A distance matrix is a non-negative, square, symmetric table with elements that correspond to estimates of some pairwise distance between sequences in a set. It uses the proportion of homologous sites in alignment with differing characters. On the other hand, a Euclidean distance is the measurement of a segment connecting two points. This is the most obvious way of representing distance between two points.

clust_euc <- hclust(dist_euc)
# hclust() function is setting the code to use UPGMA 
par(mar = c(1,1,1,1))
is(clust_euc)
## [1] "hclust"
dendro_euc <- as.dendrogram(clust_euc)

is(dendro_euc)
## [1] "dendrogram"
plot(dendro_euc,horiz = T,nodePar = list(pch = c(1,NA), 
                                          cex = 0.5, 
                                          lab.cex = 0.5))

This figure differs greatly from Plate 2.2 shown in Higgs & Attwood (2005). To begin, this diagram is oriented horizontally, and labeled only by 1 letter code. In contrast, Plate 2.2 is oriented vertically and displaying two sets of axes: 1 letter codes arranged in clusters and an assortment of other variables.
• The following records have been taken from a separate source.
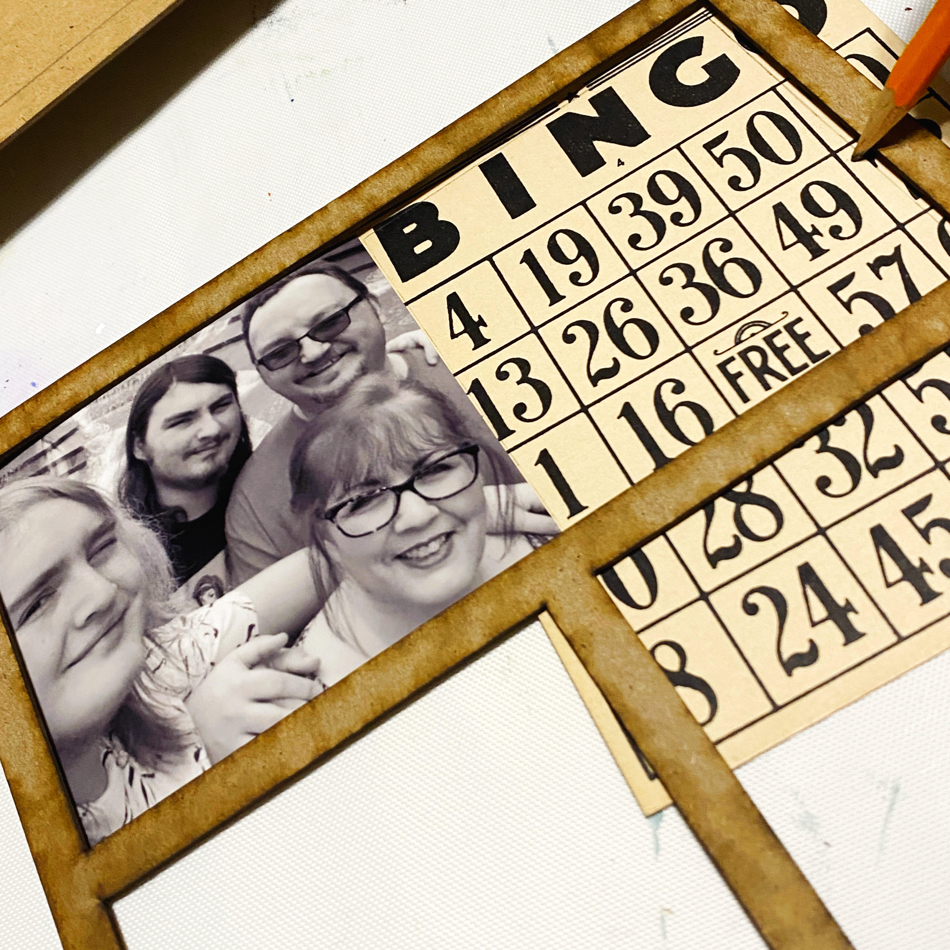 I wanted to incorporate some of my vintage ephemera in the project. One of the items I had selected was a Bingo card. I wanted to use it fill in the rectangular space at the top left of the frame as my photo was not large enough on it's own. I placed the photo and the card in the window and played with the placement until I was happy with it. I then traced lightly around the frame onto the bingo card so I'd know where to cut it…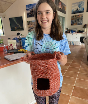 Harlow Cooper with the possum palace she made. Photo by Renate Cooper |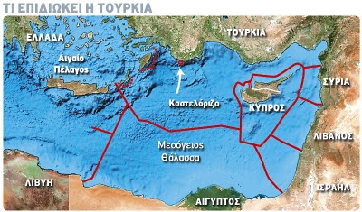Η Τουρκία προσπαθεί να δημιουργήσει μία Αποκλειστική Οικονομική Ζώνη (ΑΟΖ) στη Μεσόγειο, όπως ακριβώς έκανε στη Μαύρη Θάλασσα. Στη περίπτωση της Μεσογείου προσπαθεί να αποκόψει την Ελλάδα από τη Κύπρο.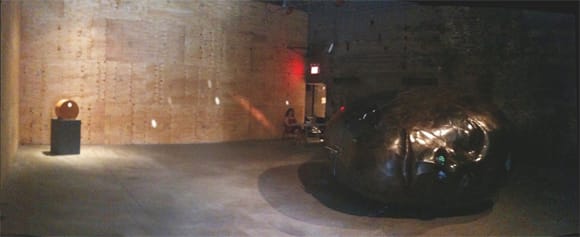 I’d never heard of the New York-based Gregory Barsamian but now I’ll definitely notice his name. His kinetic sculpture “Artifact” (2010) is the main attraction in his solo show at Pierogi’s industrial Boiler space, and it was originally commissioned by the very odd — in that millionaire-opens-contemporary-art-museum kinda way — Museum of Old and New (MONA) in Hobart, Tasmania. The resulting work is a head that seems to have toppled from some monumental ancient sculpture and landed in Williamsburg. The metal sculpture is lit from inside and light spills out of the carefully placed crevices and holes on the exterior.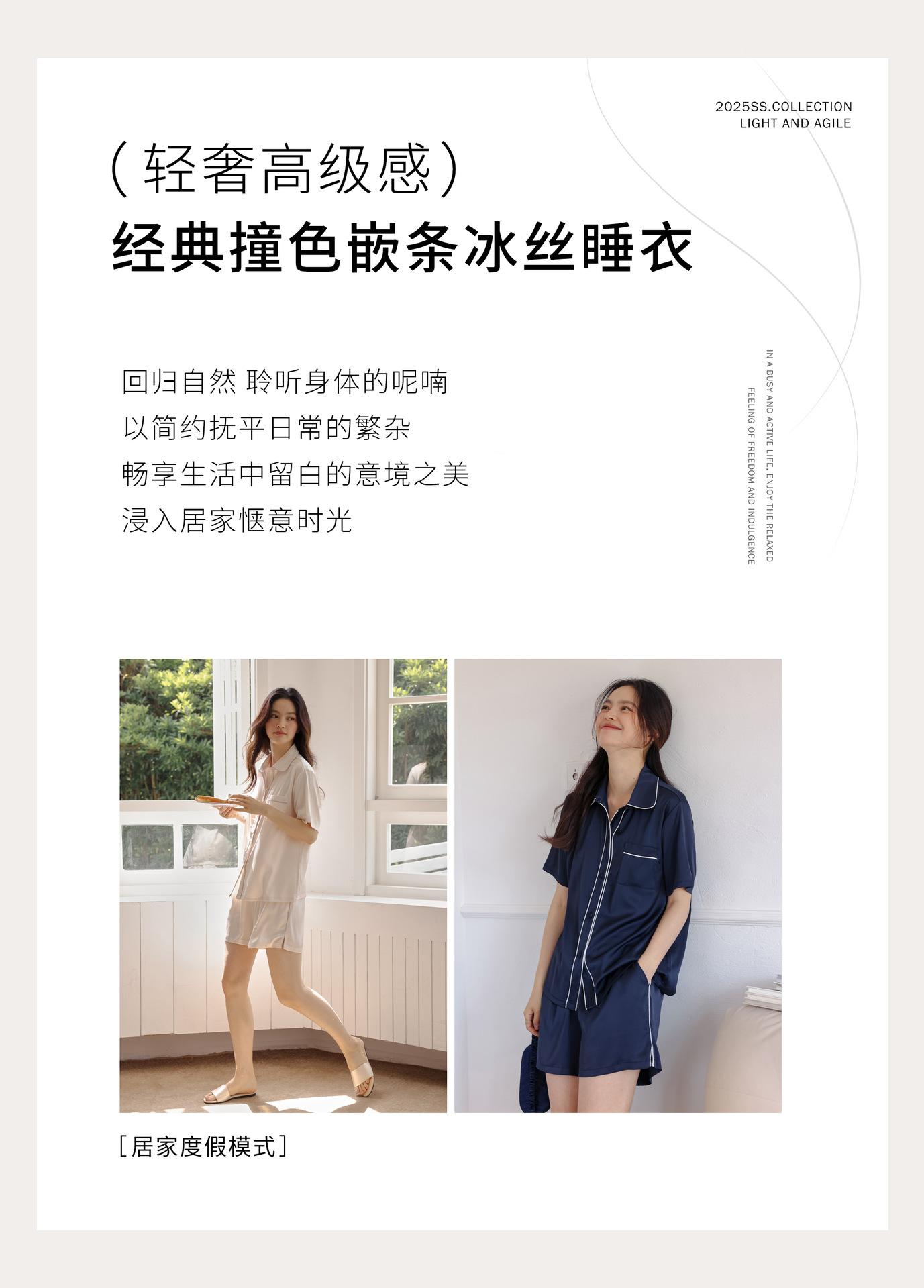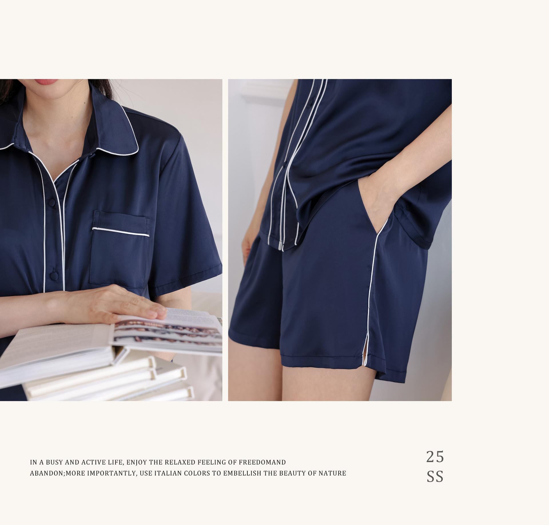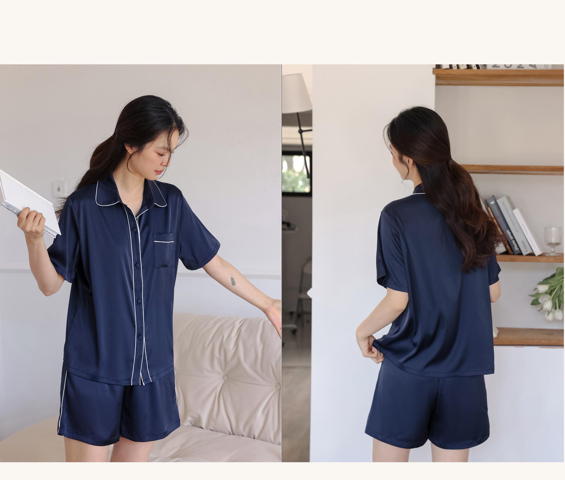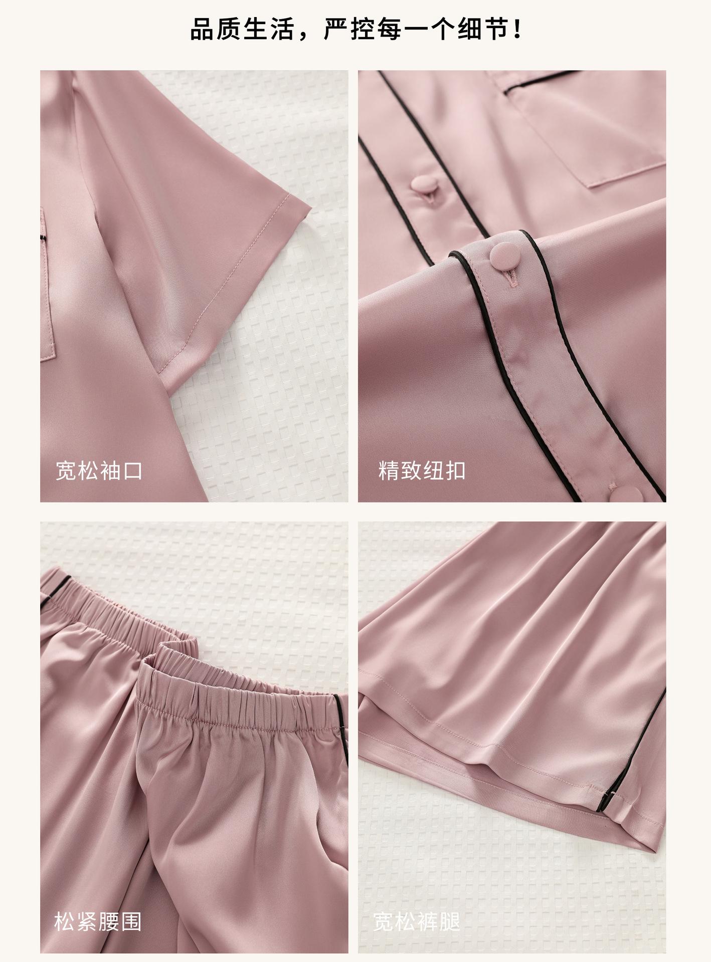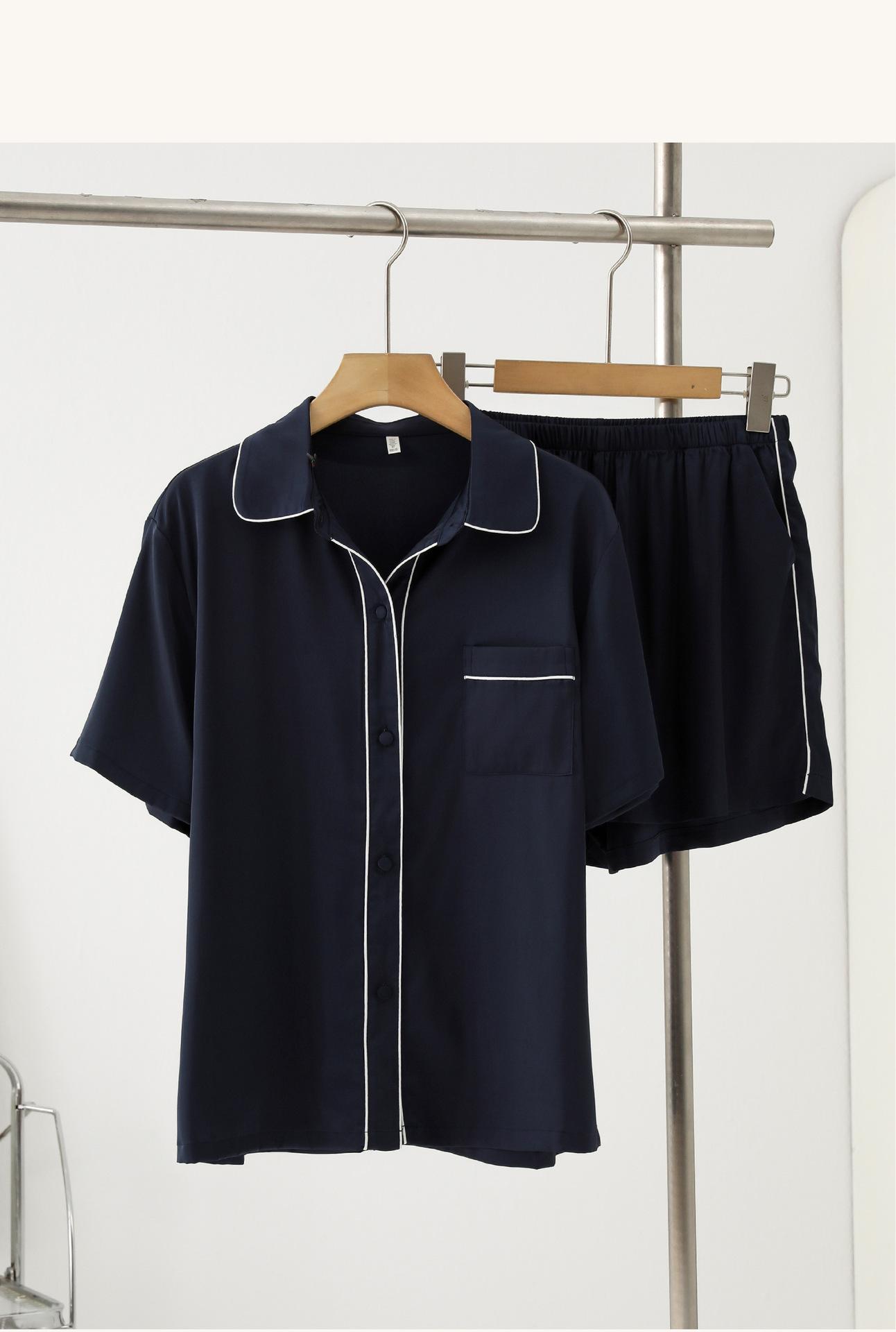 Pijama de Seda de Hielo Nuevo de Verano para Mujer de Manga Corta y Pantalones Cortos, Conjunto de Dos Piezas, Moda de Lujo Ligero de Alta Gama, Ropa de Casa Delgada que se Puede Usar Afuera

In addition, there is also a venn-diagram figure to go alongside part a of Plate 2.2, to fill in where the sequence alignment failed. In this venn diagram, there is an included color scheme to display the “chemical” variable. In stark comparison, this plot is only arranged as a dendrogram without sequence alignments or venn diagrams visibly comparing other variables.